1911 Encyclopædia Britannica/Du Bellay, Guillaume
DU BELLAY, GUILLAUME, Sieur de Langey (1491–1543), French soldier and diplomat, was born at the château of Glatigny, near Montmirail, in 1491. His father, Louis du Bellay-Langey was a younger son of the Angevin family of du Bellay, which from the 14th century was distinguished in the service of the dukes of Anjou and afterwards of the kings of France; and Louis had six sons, who were among the best servants of Francis I. Guillaume, the eldest, is one of the most remarkable figures of the time; a brave soldier, a humanist and a historian, he was above all the most able diplomat at the command of Francis I., prodigiously active, and excelling in secret negotiations. He entered the military service at an early age, was taken prisoner at Pavia (1525) and shared the captivity of Francis I. His skill and devotion attached him to the king. His missions to Spain, Italy, England and Germany were innumerable; sent three times to England in 1529–1530, he was occupied with the execution of the treaty of Cambrai and also with the question of Henry VIII.’s divorce, and with the help of his brother Jean, then bishop of Paris, he obtained a decision favourable to Henry VIII. from the Sorbonne (July 2, 1530). From 1532 to 1536, though he went three times to England, he was principally employed in uniting the German princes against Charles V.; in May 1532 he signed the treaty of Scheyern with the dukes of Bavaria, the landgrave of Hesse, and the elector of Saxony, and in January 1534 the treaty of Augsburg. During the war of 1537 Francis I. sent him on missions to Piedmont; he was governor of Turin from December 1537 till the end of 1539, and subsequently replacing Marshal d’Annebaut as governor of the whole of Piedmont, he displayed great capacity in organization. But at the end of 1542, overwhelmed by work, he was compelled to return to France, and died near Lyons on the 9th of January 1543. Rabelais, an eye-witness, has left a moving story of his death (Pantagruel, iii. ch. 21, and iv. ch. 27). He was buried in the cathedral of Le Mans, where a monument was erected to his memory, with the inscription, “Ci gît Langey, dont la plume et l’épée Ont surmonté Cicéron et Pompée”; Charles V. is said to have remarked that Langey, by his own unaided efforts, did more mischief and thwarted more schemes than all the French together.

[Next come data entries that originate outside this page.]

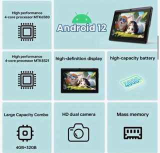 Tablet portatile I-Atar. Tablet P1 touch. Idea per l'apprendimento o l'intrattenimento. Perfetta per l'uso quotidiano. Con sistema operativo Android 12. Schermo LCD IPS HD da 7 pollici. Ha 4GB RAM + 32GB ROM. Archiviazione espandibile fino a 128GB. Batteria 4000mAh. Processore a 4 core. Fotocamere dual da 5MP + 2MP. Servizi Google e GPS. Funzione WiFi. Colore: nero. Stato: nuovo, sigillato. Include cavo di ricarica e manuale utente/istruzioni. Spedisco.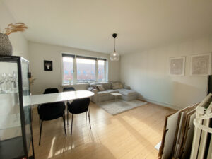 Stuen er et stort, åbent og lyst rum med et flot vinduesparti, der lader masser af dagslys strømme ind. Her er der god plads til både sofaarrangement og spiseplads, hvilket gør rummet til lejlighedens naturlige samlingspunkt.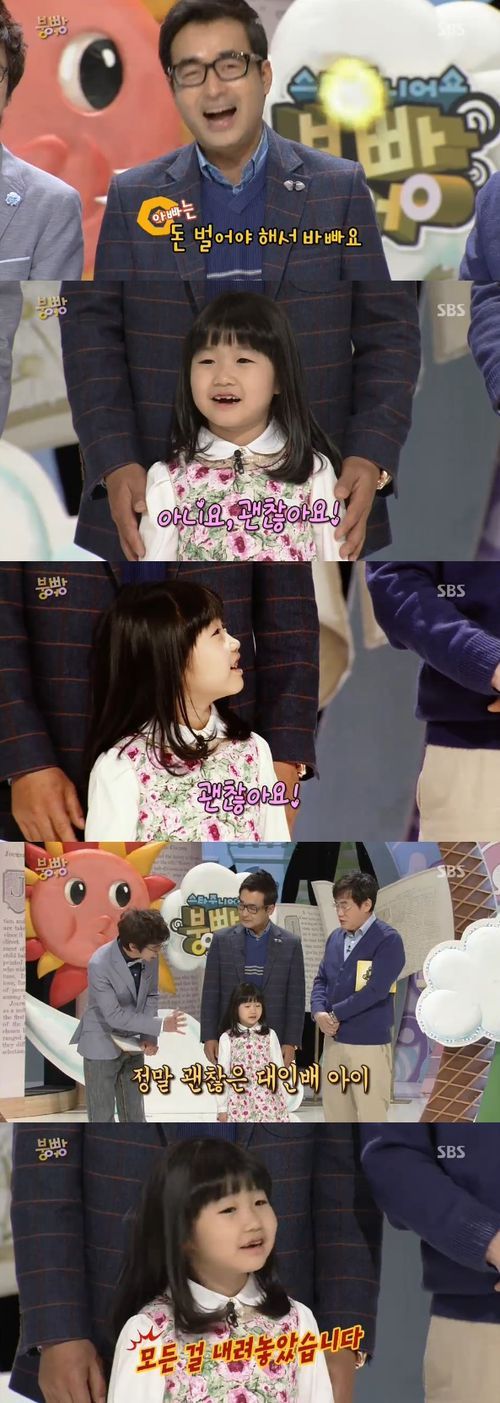 딸의 대답에 배동성은 "수빈이는 웬만하면 다 괜찮다고 한다. 원하는 인형이 없을 때도 떼쓰지 않고 괜찮다고 한다"고 말했다.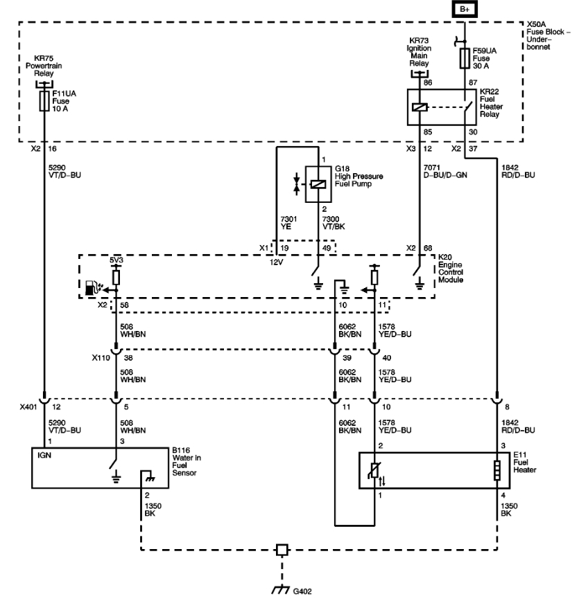 A restricted fuel supply line, a leakage in the high-pressure section, too much or too little fuel in the low-pressure line may cause DTCs to set. When ambient temperatures are below 0°C (32°F), the fuel tank pickup screen may be iced over from water in the fuel tank.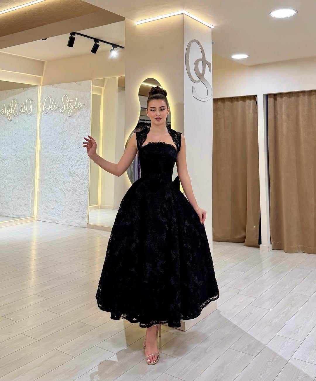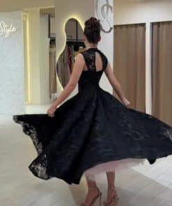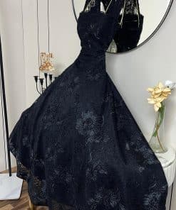 فستان سهرة فاخر باللون الأسود بتصميم منفوش أنيق وقصة ملكية تبرز القوام بشكل راقٍ. مصنوع من قماش الدانتيل الفخم مع تفاصيل ناعمة عند الأكتاف تضيف لمسة أنثوية مميزة، مناسب للحفلات والمناسبات الراقية بإطلالة كلاسيكية جذابة.

Guillaume du Bellay was the devoted protector of freedom of thought; without actually joining the reformers, he defended the innovators against their fanatical opponents. In 1534–1535 he even tried, unsuccessfully, to bring about a meeting between Francis I. and Melanchthon; and in 1541 he intervened in favour of the Vaudois. Rabelais was the most famous of his clients, and followed him to Piedmont from 1540 to 1542. Guillaume was himself a valuable historian, and a clear and precise writer. He imitated Livy in his Ogdoades, a history of the rivalry between Francis I. and the emperor from 1521, of which, though he had no time to finish it, important fragments remain, inserted by his brother Martin du Bellay (d. 1559) in his Mémoires (1569). The celebrated Instructions, reprinted as Traité de la discipline militaire in 1554 and 1592, was formerly attributed to him, but it has been proved that he could not have written it (see Bayle, Dict. Hist. i. 502, and Jähns, Geschichte der Kriegswissenschaften, i. 498 seq.); this work, however, is of the highest value for the study of the military art of the 16th century; in 1550 an Italian, in 1567 a Spanish, and in 1594 and 1619 German translations were published.
See also the edition of Martin du Bellay’s Mémoires by Michaud and Poujoulat (1838), and Bourrilly’s Fragments de la première Ogdoade (Paris, 1905). There is an excellent study of Guillaume du Bellay by V. L. Bourrilly (Paris, 1905). (J. I.)